Break your water. With this technique, also known as an amniotomy or rupturing the membranes, your health care provider makes a small opening in the amniotic sac with a thin plastic hook. You might feel a warm gush of fluid when the sac opens. An amniotomy is typically done only if the cervix is partially dilated and thinned and the baby's head is deep in the pelvis. Your baby's heart rate will be monitored before and after the procedure. Your health care provider will examine the amniotic fluid for traces of fecal waste (meconium).
Use an intravenous medication. In the hospital, your health care provider might give you a synthetic version of oxytocin (Pitocin) — a hormone that causes the uterus to contract. Oxytocin is more effective at inducing labor if your cervix has already begun to dilate and thin. The medication is also used to augment or stimulate contractions if labor isn't progressing. Your contractions and your baby's heart rate will be continuously monitored.
Keep in mind that your health care provider might also use a combination of these methods to induce labor.

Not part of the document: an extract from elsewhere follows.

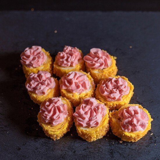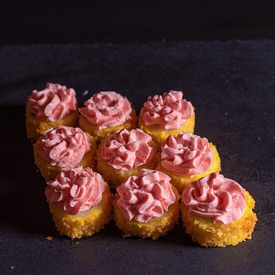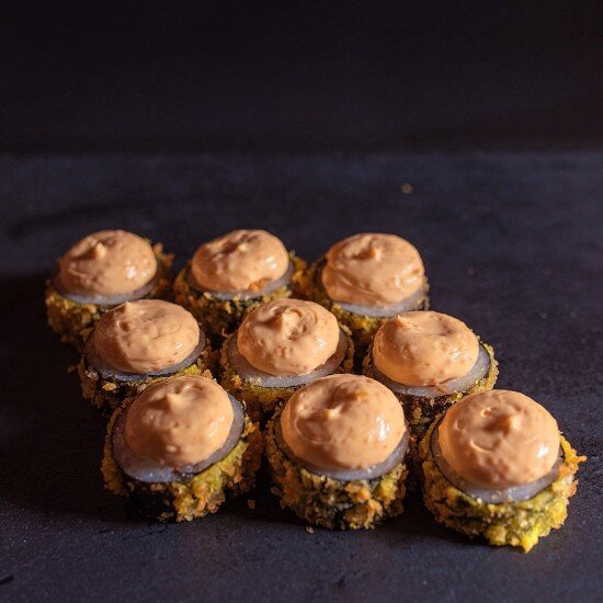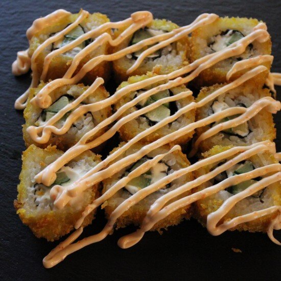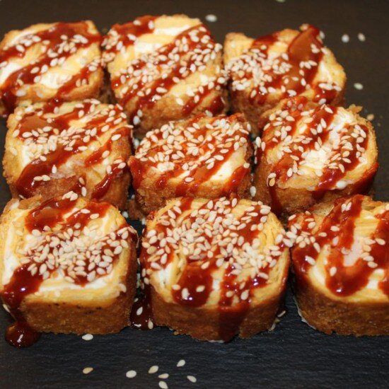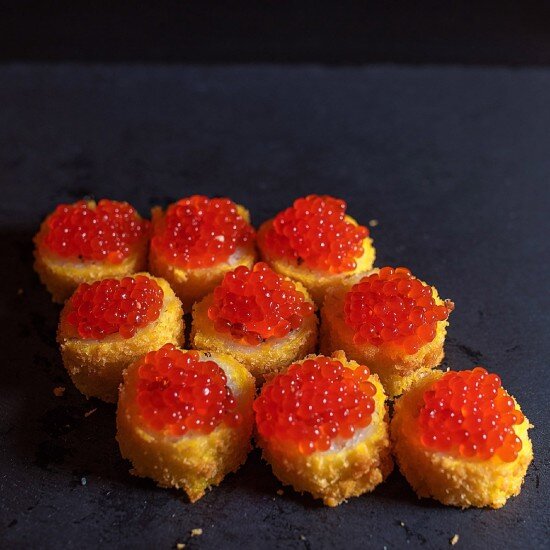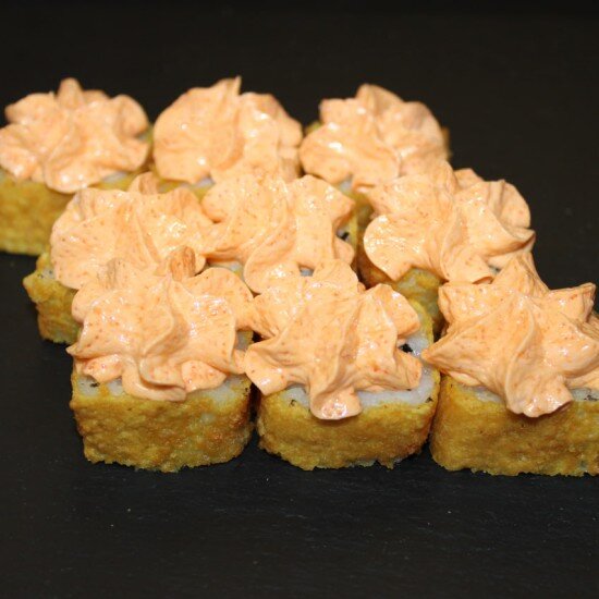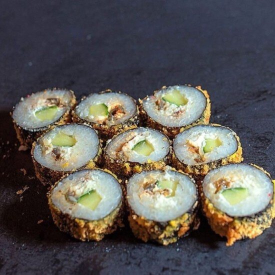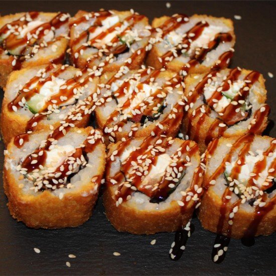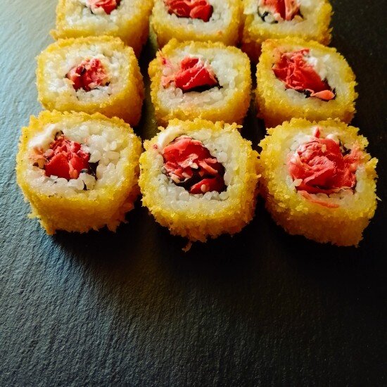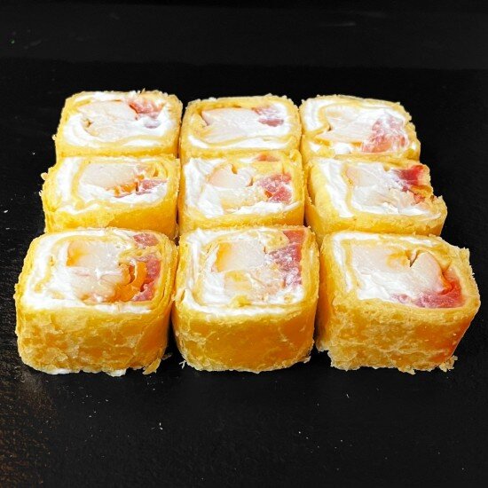 Сливочный сыр, куриная грудка в/к, бекон в/к, лист салата, зелёный лук, рис, нори, обжаренные в сухарях. ИМБИРЬ, ВАСАБИ, СОЕВЫЙ СОУС И ПАЛОЧКИ В КОМПЛЕКТ НЕ ВХОДЯТ.

How long it takes for labor to start depends on how your body responds to the induction techniques. If your cervix needs time to ripen, it might take two days before labor begins. If you simply need a little push, you might be holding your baby in your arms in a matter of hours.
Contractions might become stronger and more painful earlier in induced labor than they would in a naturally occurring labor. If relaxation and breathing techniques aren't enough to control the pain, ask for relief. Your health care provider might recommend an epidural block or other options.
After the procedure
In most cases, labor induction leads to a successful vaginal birth. If labor induction doesn't lead to delivery, a C-section might be needed.
The issues that lead to an induction might require special care during recovery. If you have a successful vaginal delivery after induction, there might be no implications for future pregnancies. If the induction leads to a C-section, your health care provider can help you decide whether to attempt a vaginal delivery with a subsequent pregnancy or to schedule a repeat C-section.